Notes about adding a schema to Metacat

andrei1: so, it seems like http://ns.dataone.org/service/types/v2.0 doesn't exist... I see v1 and v1.1 under http://ns.dataone.org/service/types/  but no v2.0 (I was getting an error:  <error>schema_reference.4: Failed to read schema document 'dataoneTypes_v2.0.xsd' ... )
[12:00pm] peter joined the chat room.
[12:07pm] chris: andrei1: no, it doesn’t exist yet, because we haven’t published the v2 schema per se
[12:07pm] chris: you should register it locally into the Metacat schema catalog
[12:07pm] chris: add an entry for it in the xml_catalog table
[12:08pm] chris: and copy the schema file into webapps/metacat/schema/dataone/…

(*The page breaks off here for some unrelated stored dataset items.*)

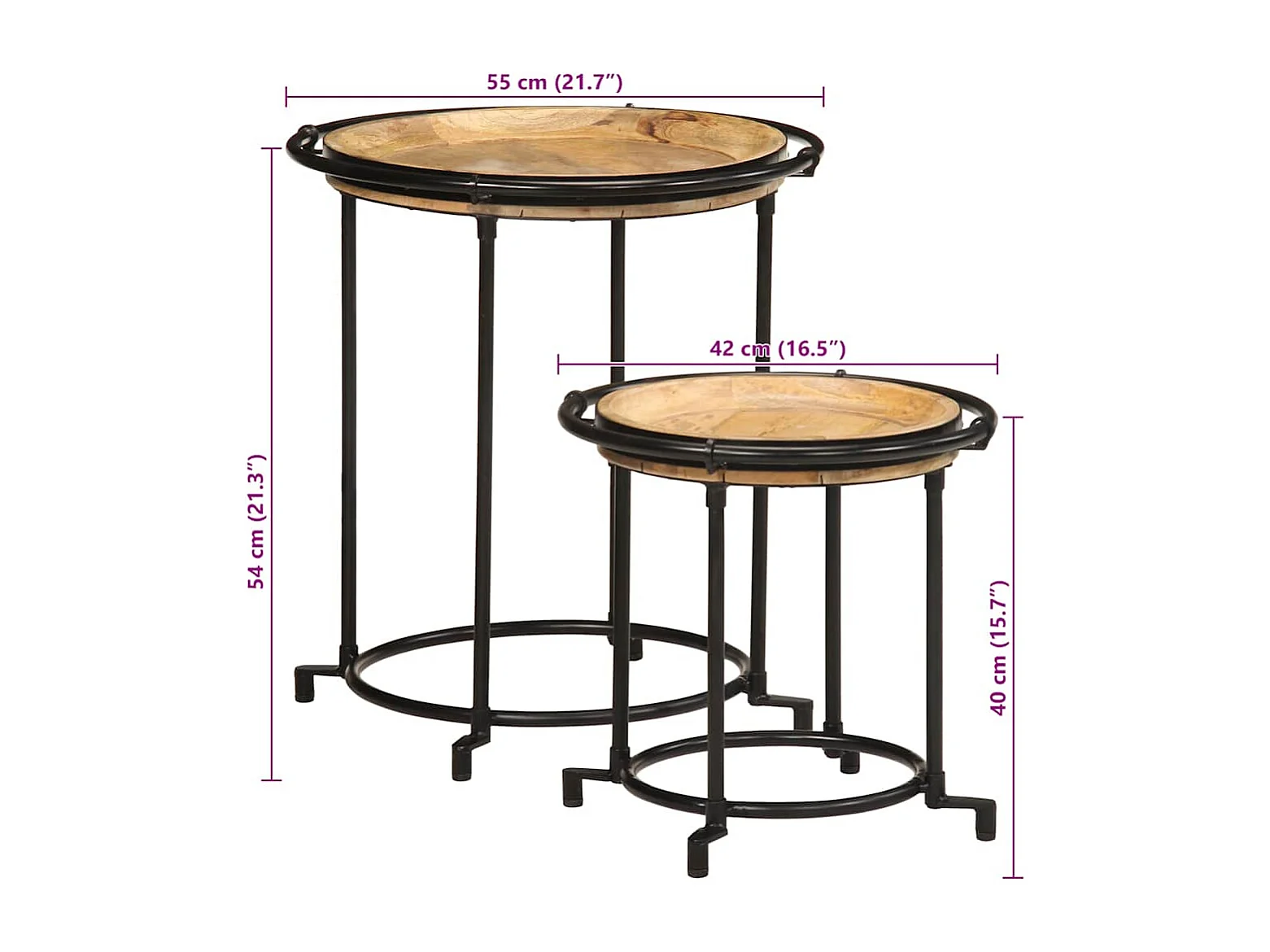 Tables gigognes 2 pièces Bois de manguier brut
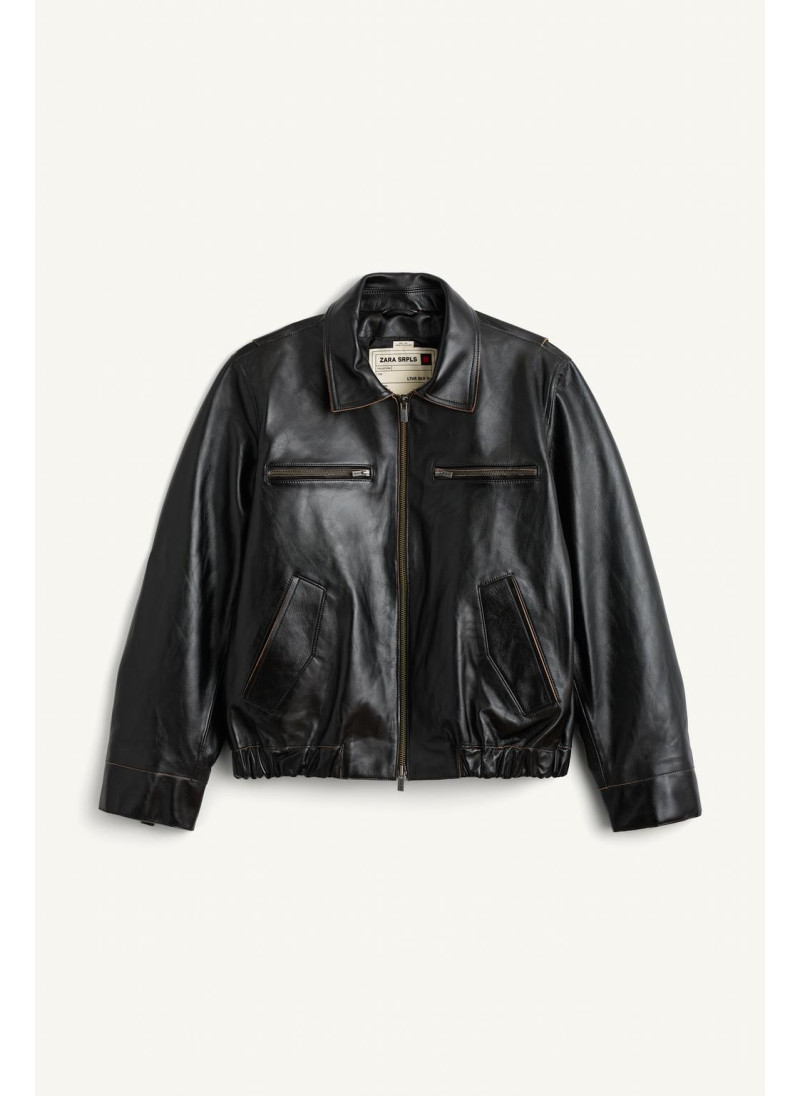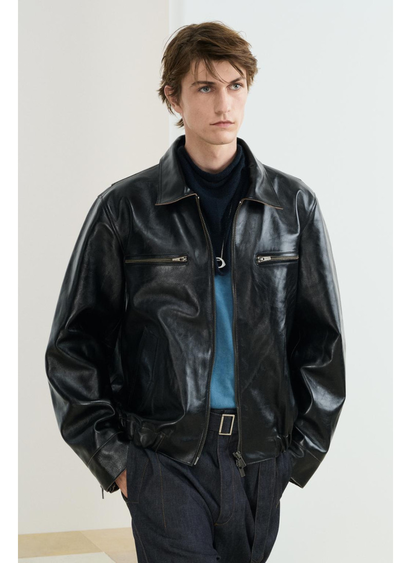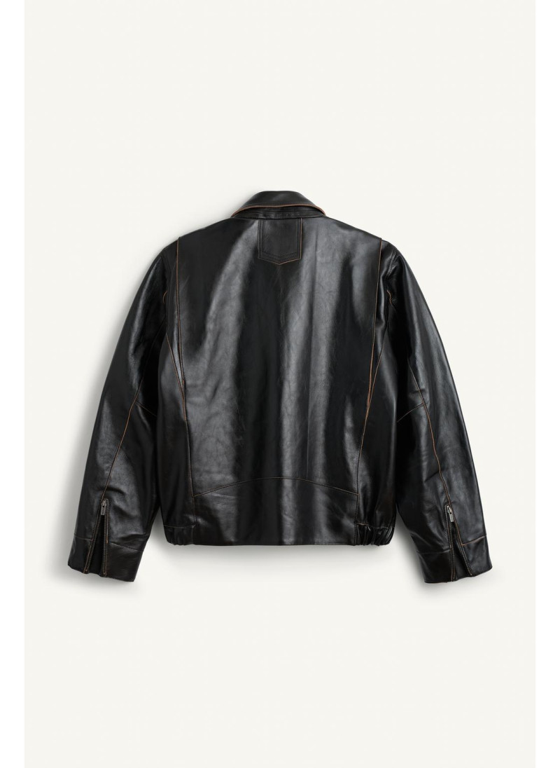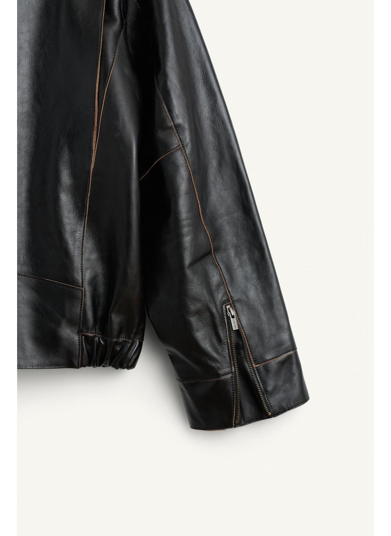 Удобная кожаная куртка с глянцевым покрытием. Имеет воротник английского типа и длинные рукава с регулируемыми молниями на манжетах. Молнии расположены на груди и карманах на бедрах. Сборка на спинке. Нижний край с эластичными вставками спереди. Двусторонняя застежка на молнию спереди...
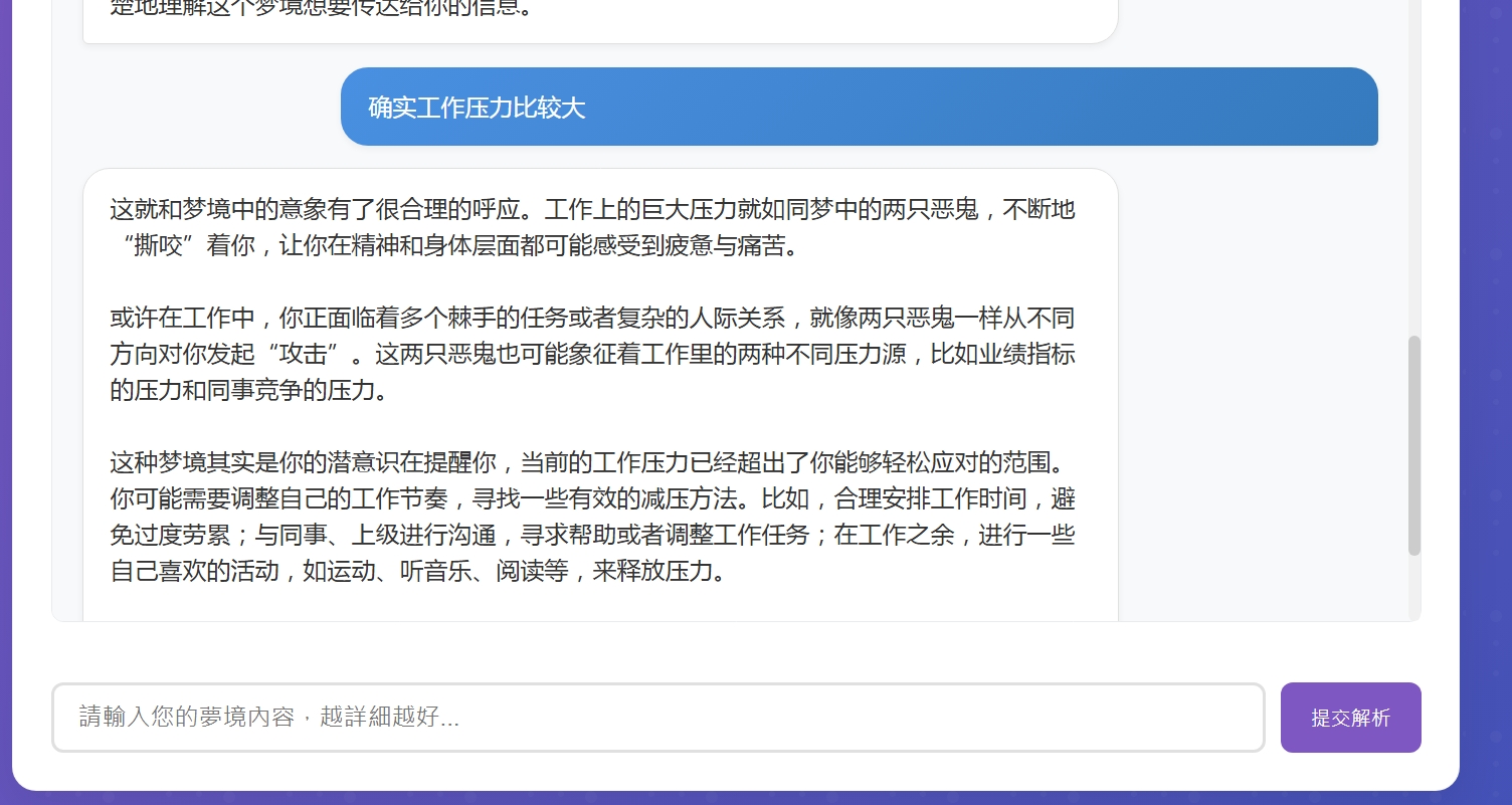 它不仅从各种层面来分析你做这个梦境的原因,还给出了目前生活中的反思,你可以继续给他对话

[12:09pm] chris: once it is registered and cached locally, restart Metacat, and it should be able to find it when you do the insert of the object format list (and it gets validated)
[12:12pm] rob: chris, thanks for providing the ‘what’, now about the ‘how’…
[12:13pm] andrei1: thanks chris. am I understanding correctly: is registering it in the schema catalog is synonymous with adding it to the xml_catalog table? and to copy it, I can use the version in d1_schemas?
[12:13pm] chris: yup
[12:14pm] chris: and yup
[12:15pm] chris: We will eventually ship Metacat with the published version of the v2 schema so it gets cached locally and is registered automatically, but until then, just add it manually
[12:15pm] andrei1: ok cool. is there any documentation on how to add to metacat tables (or how to connect to said db)
[12:15pm] chris: it’s just standard SQL
[12:15pm] chris: sudo to the postgres user and use ‘psql metacat’ to connect
[12:16pm] andrei1: cool
[12:18pm] andrei1: ok, the xml_catalog table looks pretty straight-forward
[12:18pm] chris: yeah, not much to it. associates a namespace with a path to the schema doc
[12:24pm] andrei1: is the namespace / public_id the entirety of:  "http://ns.dataone.org/service/types/v2.0 dataoneTypes_v2.0.xsd"  ?
[12:25pm] andrei1: looks like it should just be the part before the filename
[12:26pm] yang left the chat room. (Quit: yang)
[12:27pm] chris: schemaLocation attribute values comprise ‘pairs’ of public and system identifiers, so yes, the namespace URI is the public id, and the filename is the system id (in this case, the file would be in the ‘current’ directory)
[12:28pm] yang joined the chat room.
[12:28pm] chris: http://ns.dataone.org/service/types/v2.0 is the namespace
[12:33pm] andrei1: chris, I'm getting an error which makes no sense... column "Schema" does not exist, for this:
[12:33pm] andrei1: INSERT INTO xml_catalog (catalog_id, entry_type, public_id, system_id) VALUES (40,"Schema","http://ns.dataone.org/service/types/v2.0","/schema/dataone/dataoneTypes_v2.0.xsd");
[12:39pm] vieglais: chris - can you point me to the notes for setting up the sandbox-2 environment?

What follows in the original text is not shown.